Quel est le risque de ces usines (celle de Monte et potentiellement celle de Sàrula) présentées comme le « miracle attendu pour nos déchets » ? Leur performance de tri est bien inférieure au tri manuel, le compost qui en sort est de très mauvaise qualité, et elles conduisent à brûler les résidus (les CSR, combustibles solides de récupération) ; et ce sont bien deux « chaudières », en fait deux incinérateurs de plastiques, qui sont prévues ensuite, pour la somme annoncée de 118 millions d’euros !*
Un pactole pour les opérateurs, la ruine pour les contribuables, qui verront les taxes s’envoler ; ils paieront deux fois la note, celle du tri à la source (maintenu car obligatoire), et celles des TMB / chaudières. En plus de supporter une pollution supplémentaire, celle des émanations dangereuses pour la santé, et celle des résidus de combustion, les mâchefers et Refiom toxiques pour l’environnement.
Comment accepter ce choix fait en toute opacité, sans information de la population, alors même que certaines intercommunalités parviennent à 58 % de tri à la source – c’est donc possible ! Tandis que d’autres continuent à se débarrasser de leurs déchets vers des centres de stockage bientôt saturés ?
Nous demandons l’annulation immédiate des délibérations illégales du Syvadec, la remise à plats des collectes à la source pour qu’enfin la Corse, comme toutes les régions qui l’entourent, s’oriente vers des choix transparents, respectueux de notre santé, de notre environnement, du portefeuille des contribuables, et de la loi, évidemment. » •
Ecologìa Sulidaria.
*Attention danger incinération !
Ces deux chaudières (en fait incinérateurs) brûleraient les 70.000 tonnes de Combustibles Solides de Récupération (CSR) mais, affirme encore Ecologìa Sulidaria, « le Plan qui sera soumis à enquête publique en a acté 154.000 tonnes ! Sans que soient évoqués les risques pour la population et l’environnement ». Alors que l’OEC de son côté parle de 35.000 tonnes.

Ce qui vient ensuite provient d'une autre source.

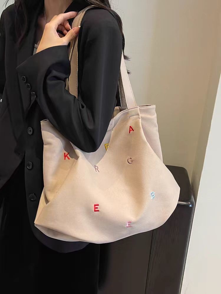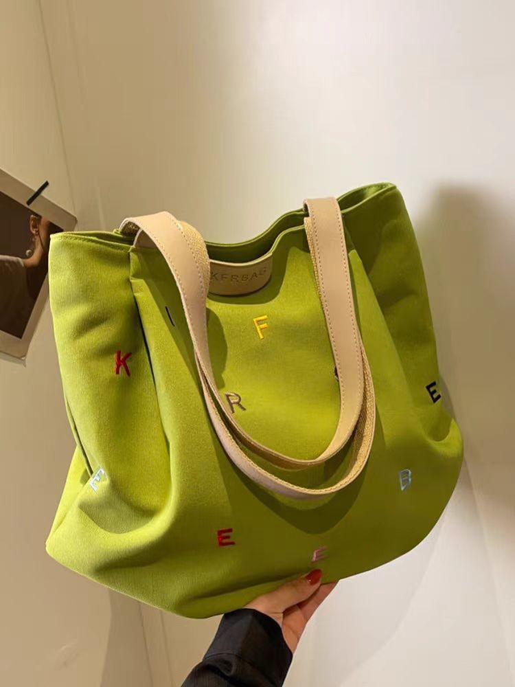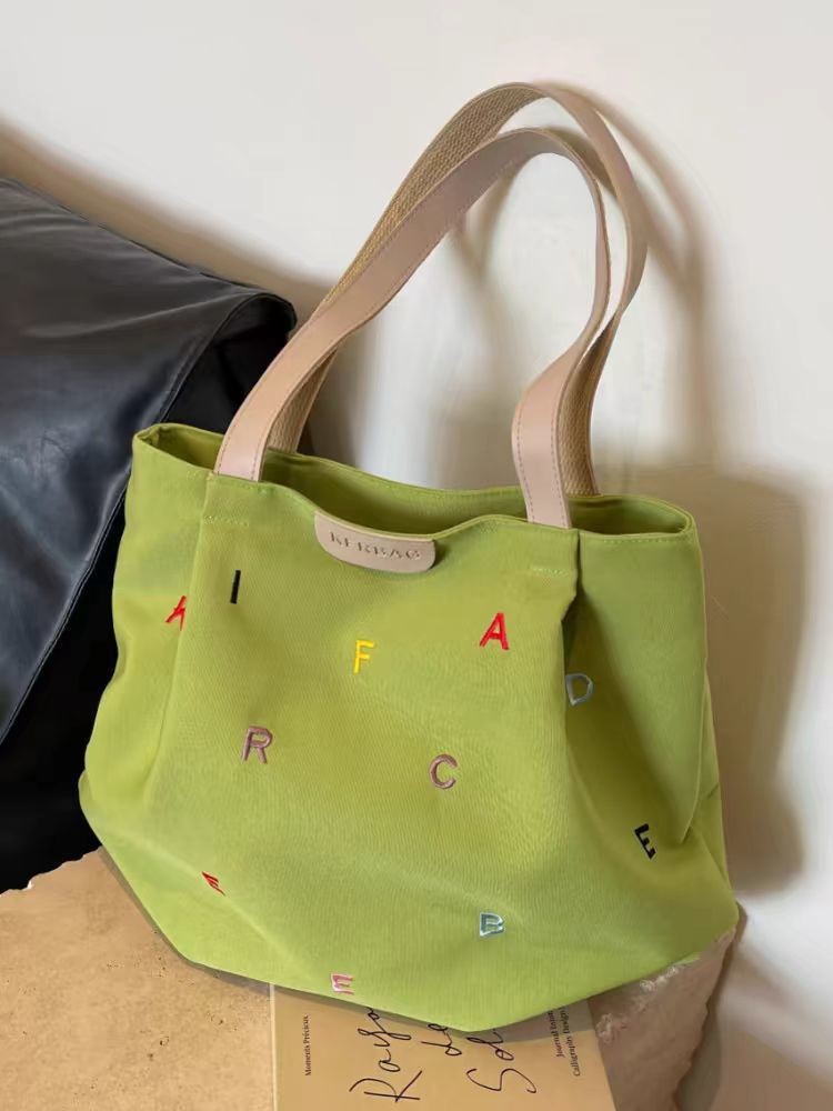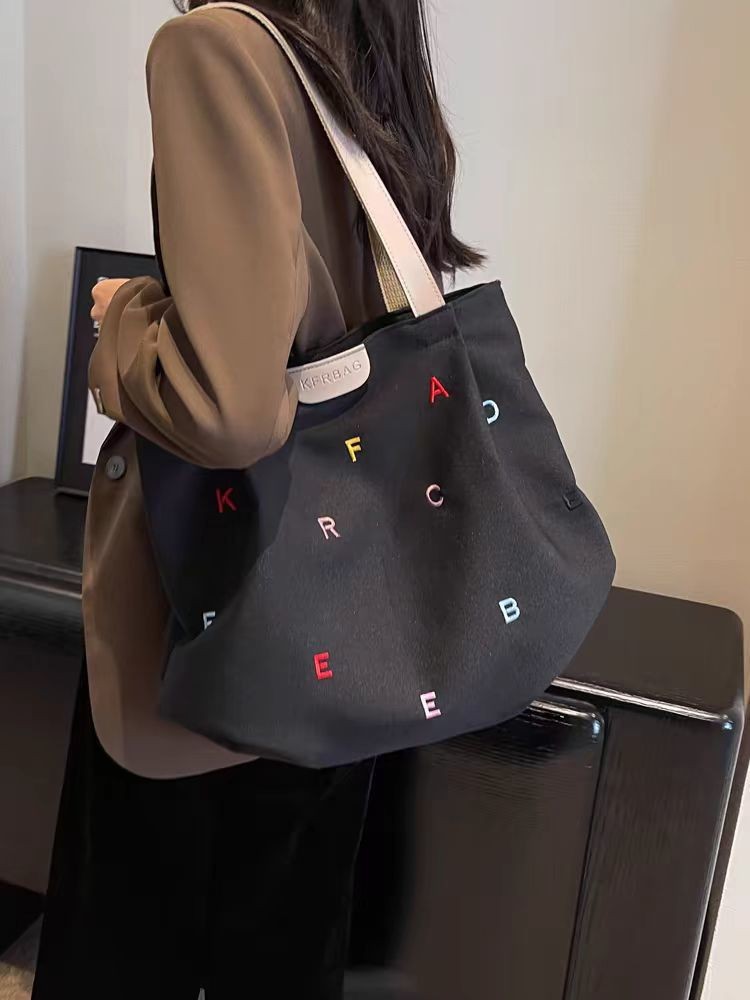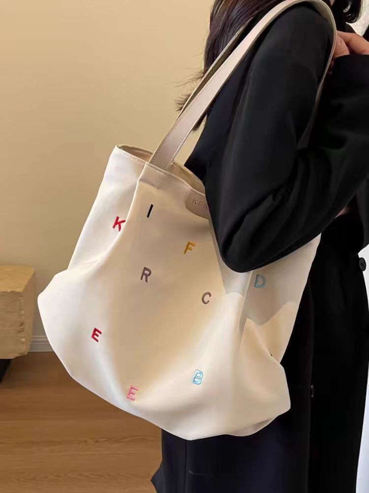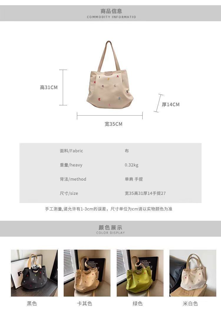 【耐磨耐造!ins风】新款帆布包包大容量女潮刺绣字母手提袋小清新学生单肩托特包。xb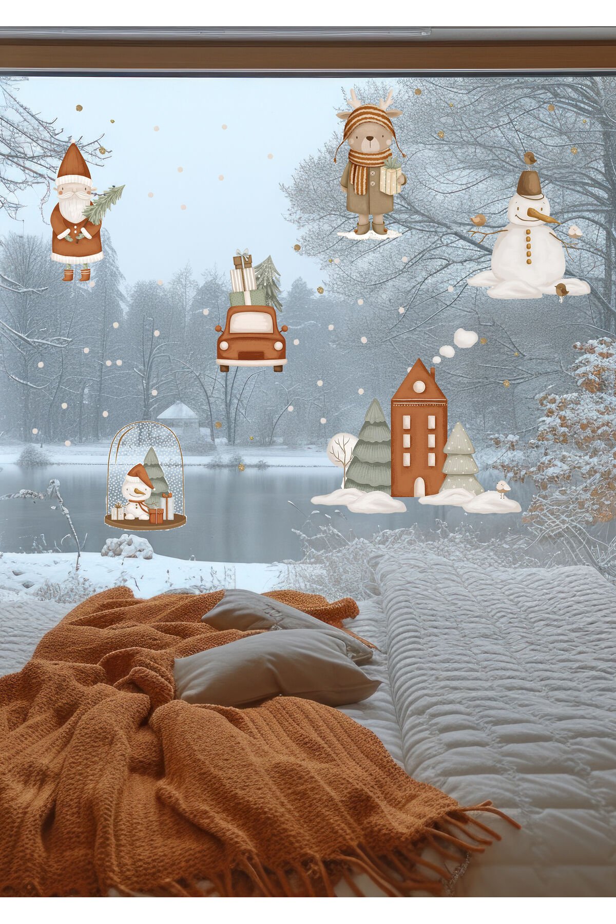 Yılbaşı-Noel Zamanı Çocuk Bebek Odası Sticker Seti , Yılbaşı Süsü Yeni Yıl Kış Konsepti -

La combustion de CSR dégage dans l’air des dioxines, furanes, brome, polluants organiques persistants… Et que faire des résidus d’incinération dits mâchefers, refiom à hauteur de 25 % minimum du tonnage entrant, soit près de 20.000 à 40.000 tonnes par an suivant le gisement envisagé, s’inquiète encore le mouvement écologiste. Le tout pour un contrat de 10 ans et une durée de vie des installations de 25 ans. Autant dire que l’objectif « tri à la source » est voué à l’échec avec ce TMB doublé de chaudières CSR qui annihilent tout effort de tri, de même que toute gestion publique des déchets qui est pourtant une priorité des nationalistes.
Toute la chaîne de traitement est en effet déjà aux mains d’opérateurs privés, fait remarquer Ecologìa Sulidaria : transports en vrac des quais de transfert vers les sites de stockage, enfouissement par le biais des STOC (Fium’Orbu, Vighjaneddu), future construction des centres dits de surtri, en réalité de Tri Mécano Biologique avec incinération… dont les appels d’offres ont été lancés.
Comment un tel retour en arrière est-il possible par une majorité qui a combattu farouchement aux côtés des écologistes l’incinération des déchets et fait de la maîtrise publique de ce secteur un leitmotiv ?
Dangereux pour l’environnement et la santé, coûteux, exposé aux dérives mafieuses, contraires à toute recherche d’indépendance économique sur ce secteur sensible, à l’heure où l’on parle d’autonomie, l’incinération n’est pas la solution pour le traitement de nos déchets. Seule solution en Corse, comme ailleurs où il a fait ses preuves (Nord Italie, Sardaigne, Slovénie…) : le tri à la source par la responsabilisation de tous, pouvoirs publics, collectivités et citoyens, dans une gestion publique, organisée, volontaire et dynamique. L’expérience de toutes ces dernières années nous l’enseigne : toute solution même annoncée comme intermédiaire ne fait que reculer cet indispensable geste de tri à la source. • F.G.